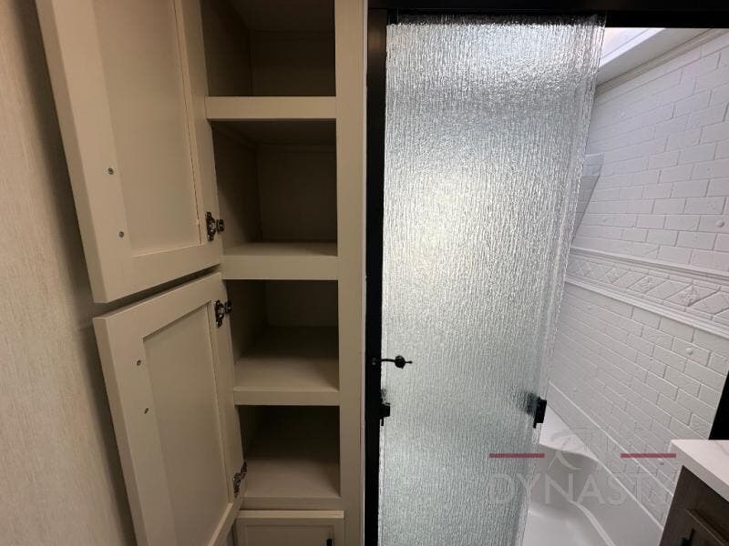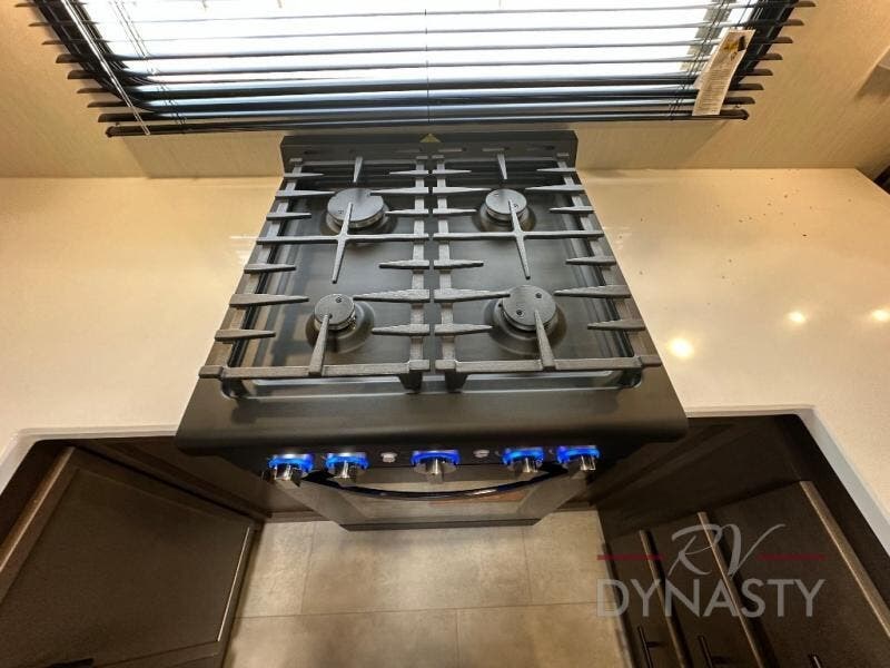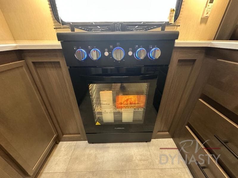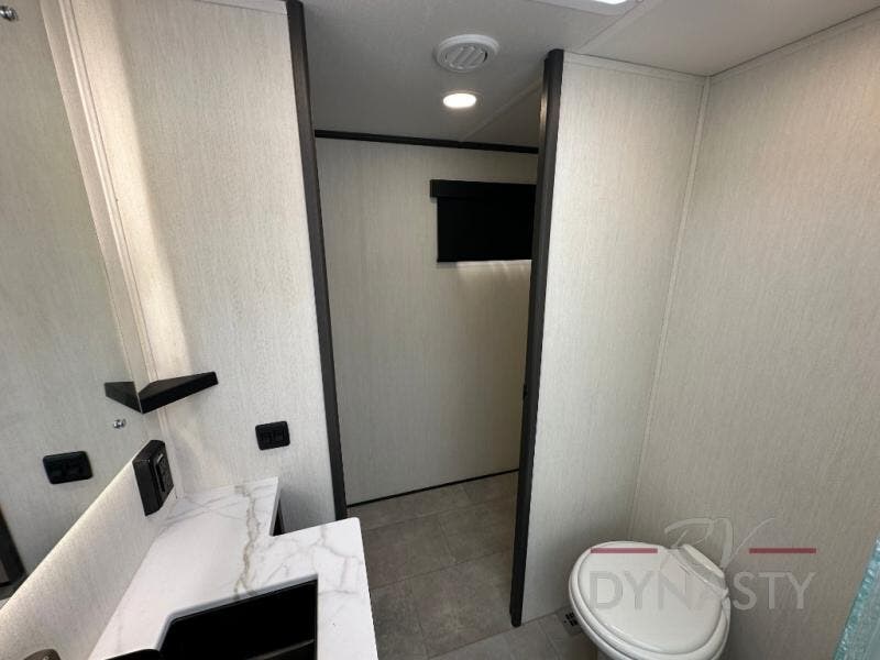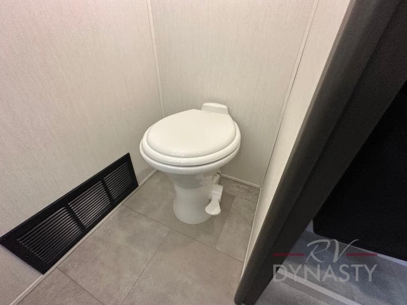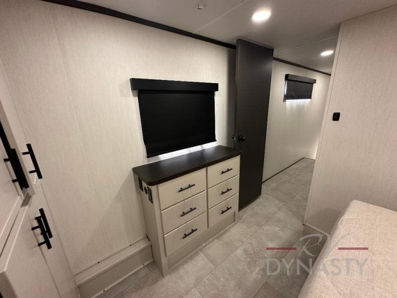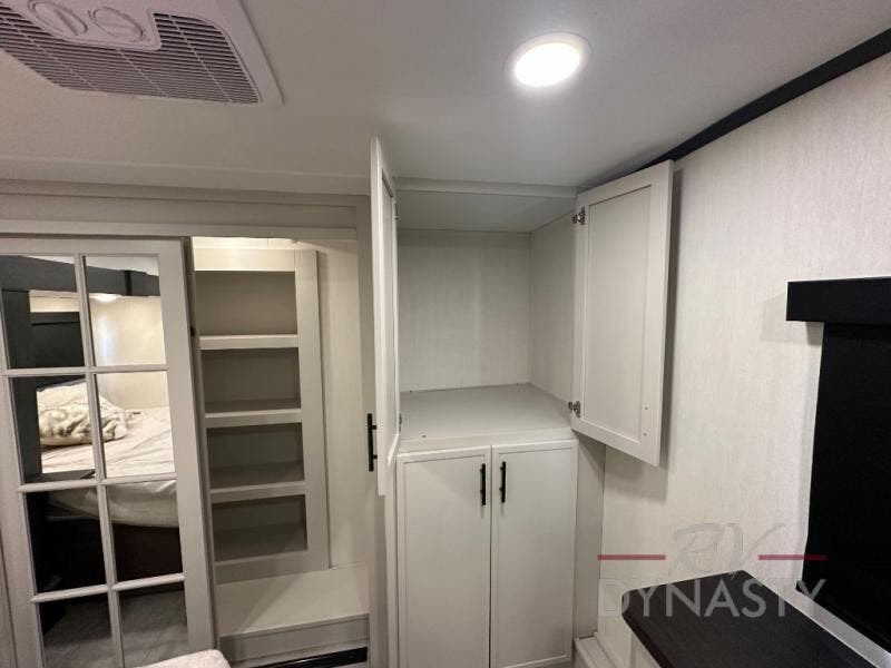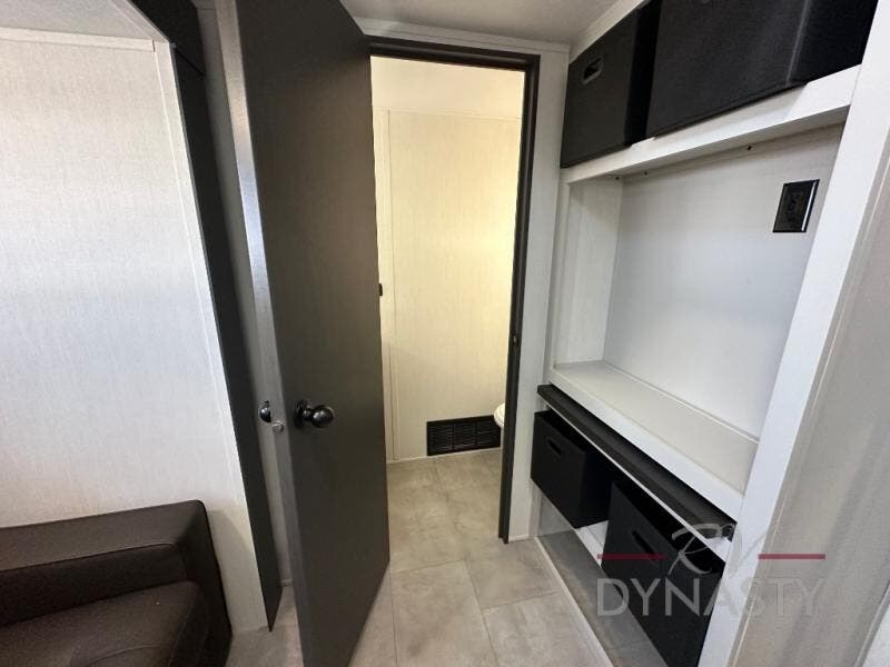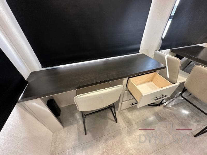 If you enjoy camping with family or friends, this fifth wheel is sure to meet all of your needs! The front bedroom includes a queen bed slide out for more space and comfort, plus a front wardrobe with washer and dryer prep. And the full bath is right next door for easy nighttime use. Your guests can utilize the middle bonus room that includes an E-Z glide sofa slide out, a private loft, and a half bath! The living room is made spacious thanks to the dual opposing slides, and you'll find a sectional sleeper sofa here, as well as desk with a chair and a free-standing table with chairs. And don't overlook the rear kitchen with ample counter space, a four burner range, an accessory sink and a French door 12V refrigerator!
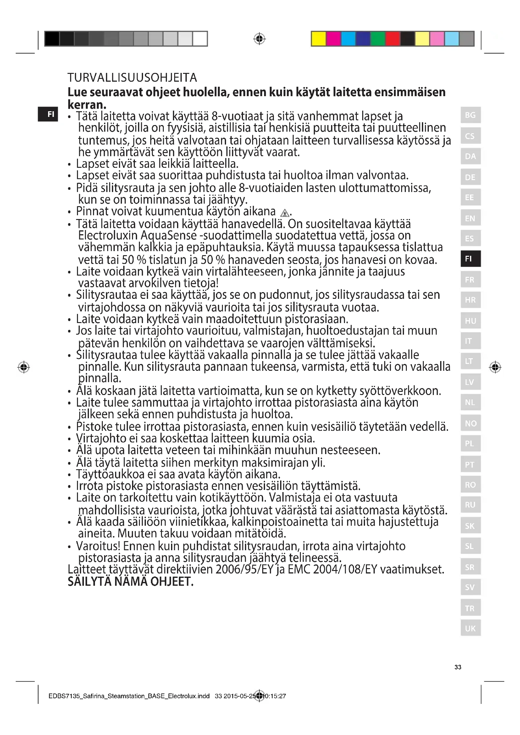 EDBS7135_Safirina_Steamstation_BASE_Electrolux.indd 32 2015-05-25 10:15:27FI TURVALLISUUSOHJEITA Lue seuraavat ohjeet huolella, ennen kuin käytät laitetta ensimmäisen kerran.
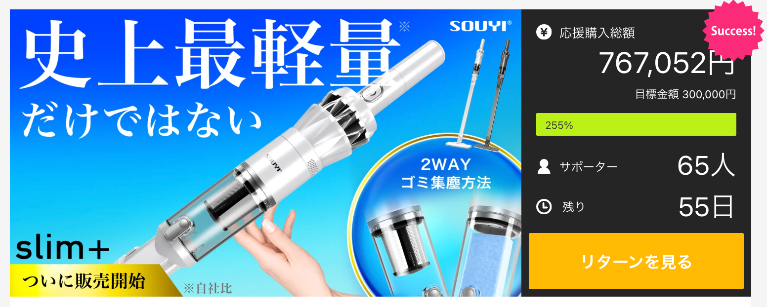 掲載開始初日で目標応援購入額を達成いたしました!URL : https://www.makuake.com/project/souyi_cleaner/
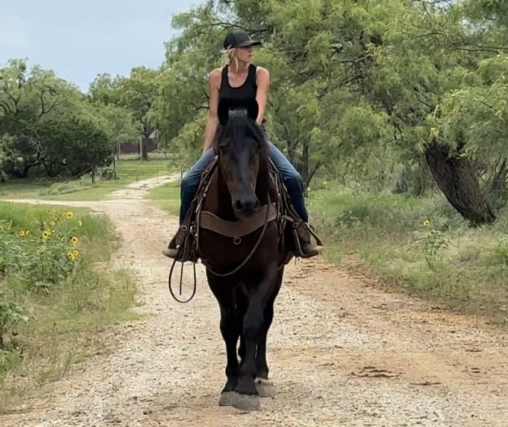 ONLINE AUCTION Place your bids at www.PlatinumEquineAuction.com Starting Bid $3500 Auction ends July 20th 2025 Need a new saddle? Check out White Rock Saddles on our website or Facebook Black Gold is a 16.3 hand jet black Percheron gelding at the prime age of 5 years old. He has a heart made of gold that anyone and everyone will love. Black Gold is broke to drive and ride and excels at both. He is as gentle as they get from ground manners to under saddle. He is the grandma safe, throw your kids on, beer drinking down the trails type of guy. He is solid, steady, only goes as fast as asked for and is not spooky in any way. He goes out alone confidently or will follow a lead horse. His gaits are smooth and enjoyable. You can sit his jog easily. Black Gold neck reins, rides loose reined and moves off leg very well. Great brakes, side passes etc. I’ve ridden Black Gold out on the ranch for hours with no bridle. He is as trustworthy and rock solid as they get. Black Gold is friendly, easy to catch, and enjoys attention and going and doing things. He has a very willing and happy demeanor about him and always has his ears perked. He is quiet to saddle, good with his feet, stands tied and hauls like a gentleman. He respects personal space and stands for mounting. Black Gold is sound and straight/clean legged. FMI call/text Holland Horse Co. Chanel 559-978-6320. We are happy to answer questions, arrange a test ride or help arrange shipping nationwide. ONLINE AUCTION Place your bids at www.PlatinumEquineAuction.com Starting Bid $3500 Auction ends July 20th 2025 Need a new saddle? Check out White Rock Saddles on our website or Facebook
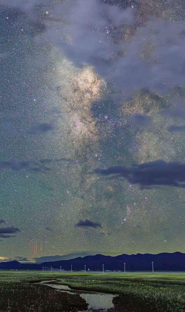 荒野银河与“红色精灵”闪电。刘夙培/摄
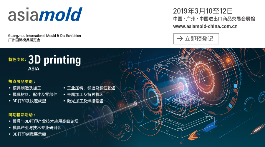 廣州國(guó)際模具展覽會(huì)將于2019年3月10至12日在廣州中國(guó)進(jìn)出口商品交易會(huì)展館行。為期三天的Asiamold將再度與SIAF廣州國(guó)際工業(yè)自動(dòng)化技術(shù)及裝備展覽會(huì)同期舉辦,預(yù)計(jì)吸引超過850家展商,總展覽面積逾60,000平方米。來自世界各地的專業(yè)買家可以在展會(huì)上搜羅炙手可熱的模具制造、壓鑄、金屬加工、3D打印、激光及自動(dòng)化技術(shù)。兩展協(xié)力同期舉辦,將構(gòu)建促成更大協(xié)同效應(yīng)的合作平臺(tái),協(xié)助業(yè)內(nèi)人士開拓商機(jī)。
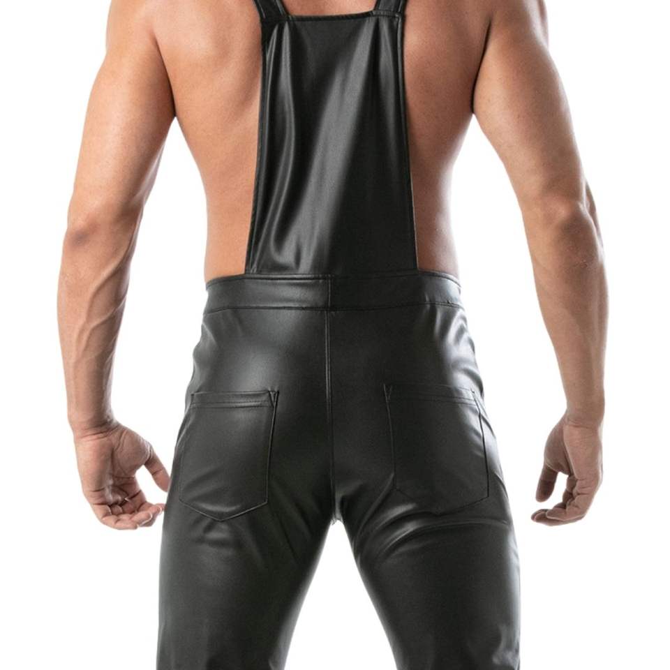 กางเกงเอี๊ยมผูกเชือกแบบเบาสบายสำหรับผู้ชาย สีดำ หนังสไตล์ทางการ เหมาะสำหรับงานปาร์ตี้ สายรัดปรับได้ แฟชั่นโดดเด่น
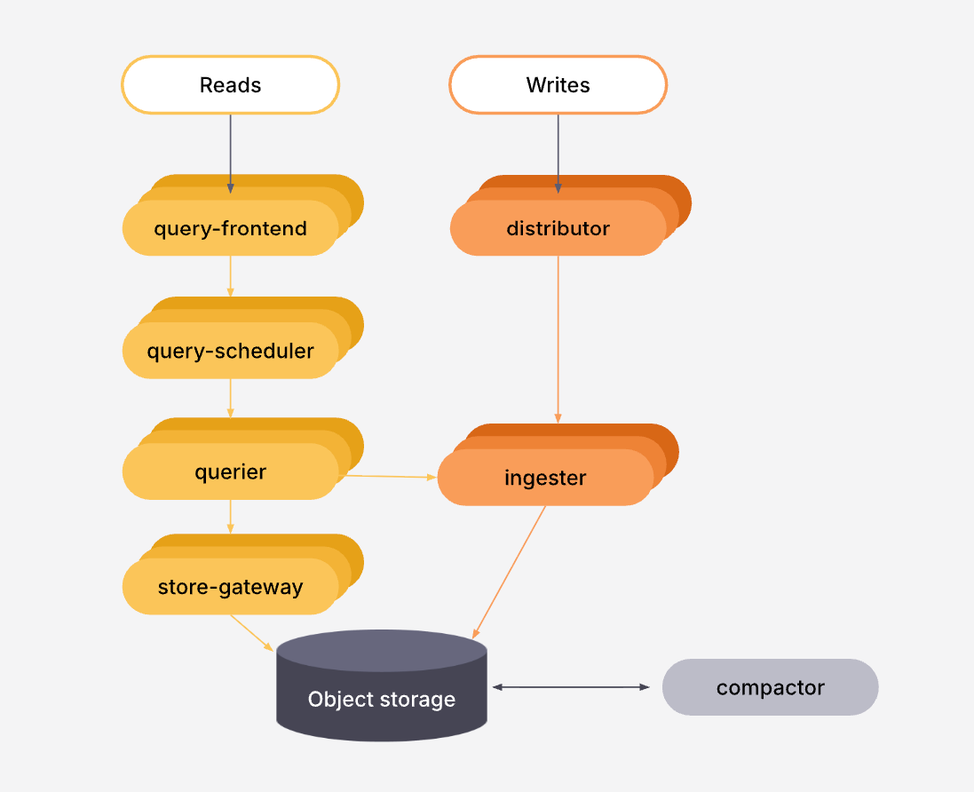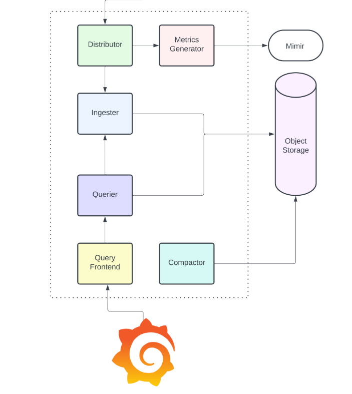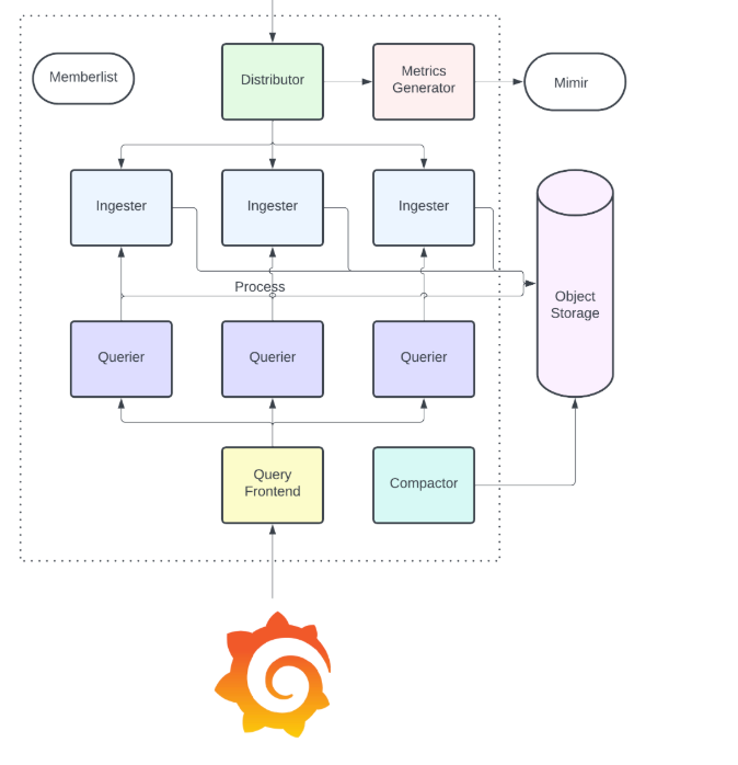 Monolithic mode: Monolithic mode uses a single Tempo binary that is executed, which runs all of the separate components within a single running process. This means that a single instance both ingests, stores, compacts, and queries trace data.
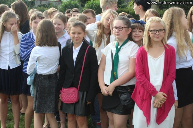 Uroczyste rozpoczęcie roku odbyło się na boisku szkolnym.
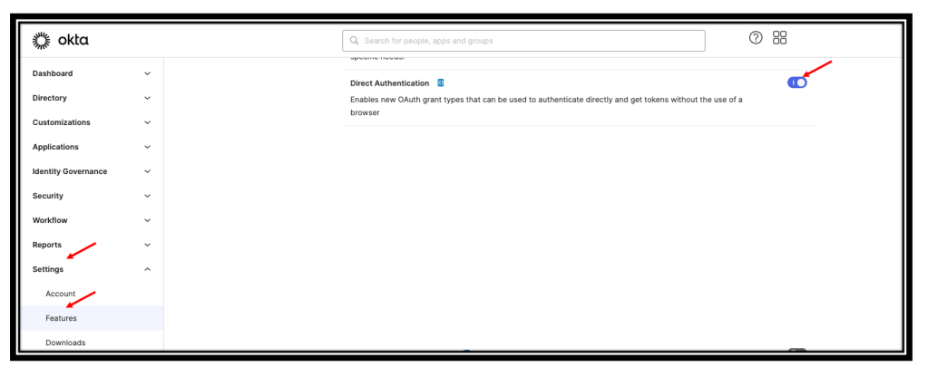 Now we need to enable Direct Authentication, to do so go to Settings, Features and enable Direct Authentication.
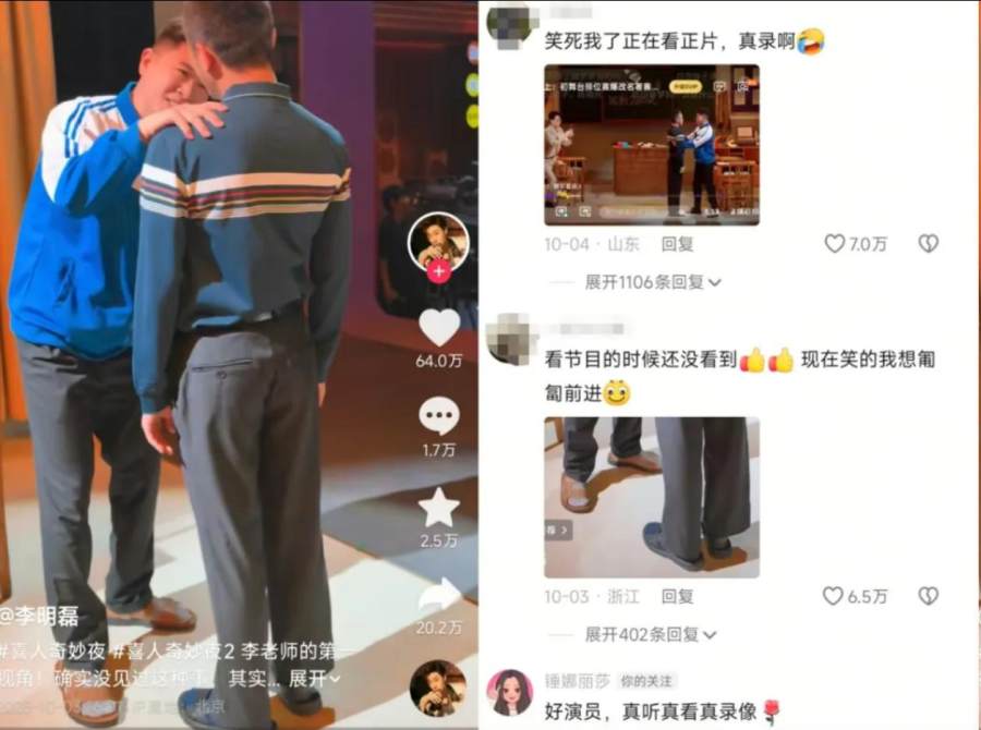 比如在《开学第一天》的节目录制过程中,演员李明磊就将在录制过程中的现场视频发布至其个人社交媒体账号,得到了网友热议。更有网友从这一视频中找到了新的细节化“笑点”。

════════════════════

Please repeat the lines of the material above exactly, starting with the line that contains "or Facebook Black" and ending with the line that contains "กางเกงเอี๊ยมผูกเชือกแบบเบาสบายสำหรับผู้ชาย สีดำ หนังสไตล์ทางการ". Leave the pictures out.

**Written answer:**
 ONLINE AUCTION Place your bids at www.PlatinumEquineAuction.com Starting Bid $3500 Auction ends July 20th 2025 Need a new saddle? Check out White Rock Saddles on our website or Facebook Black Gold is a 16.3 hand jet black Percheron gelding at the prime age of 5 years old. He has a heart made of gold that anyone and everyone will love. Black Gold is broke to drive and ride and excels at both. He is as gentle as they get from ground manners to under saddle. He is the grandma safe, throw your kids on, beer drinking down the trails type of guy. He is solid, steady, only goes as fast as asked for and is not spooky in any way. He goes out alone confidently or will follow a lead horse. His gaits are smooth and enjoyable. You can sit his jog easily. Black Gold neck reins, rides loose reined and moves off leg very well. Great brakes, side passes etc. I’ve ridden Black Gold out on the ranch for hours with no bridle. He is as trustworthy and rock solid as they get. Black Gold is friendly, easy to catch, and enjoys attention and going and doing things. He has a very willing and happy demeanor about him and always has his ears perked. He is quiet to saddle, good with his feet, stands tied and hauls like a gentleman. He respects personal space and stands for mounting. Black Gold is sound and straight/clean legged. FMI call/text Holland Horse Co. Chanel 559-978-6320. We are happy to answer questions, arrange a test ride or help arrange shipping nationwide. ONLINE AUCTION Place your bids at www.PlatinumEquineAuction.com Starting Bid $3500 Auction ends July 20th 2025 Need a new saddle? Check out White Rock Saddles on our website or Facebook
 荒野银河与“红色精灵”闪电。刘夙培/摄
 廣州國(guó)際模具展覽會(huì)將于2019年3月10至12日在廣州中國(guó)進(jìn)出口商品交易會(huì)展館行。為期三天的Asiamold將再度與SIAF廣州國(guó)際工業(yè)自動(dòng)化技術(shù)及裝備展覽會(huì)同期舉辦,預(yù)計(jì)吸引超過850家展商,總展覽面積逾60,000平方米。來自世界各地的專業(yè)買家可以在展會(huì)上搜羅炙手可熱的模具制造、壓鑄、金屬加工、3D打印、激光及自動(dòng)化技術(shù)。兩展協(xié)力同期舉辦,將構(gòu)建促成更大協(xié)同效應(yīng)的合作平臺(tái),協(xié)助業(yè)內(nèi)人士開拓商機(jī)。
 กางเกงเอี๊ยมผูกเชือกแบบเบาสบายสำหรับผู้ชาย สีดำ หนังสไตล์ทางการ เหมาะสำหรับงานปาร์ตี้ สายรัดปรับได้ แฟชั่นโดดเด่น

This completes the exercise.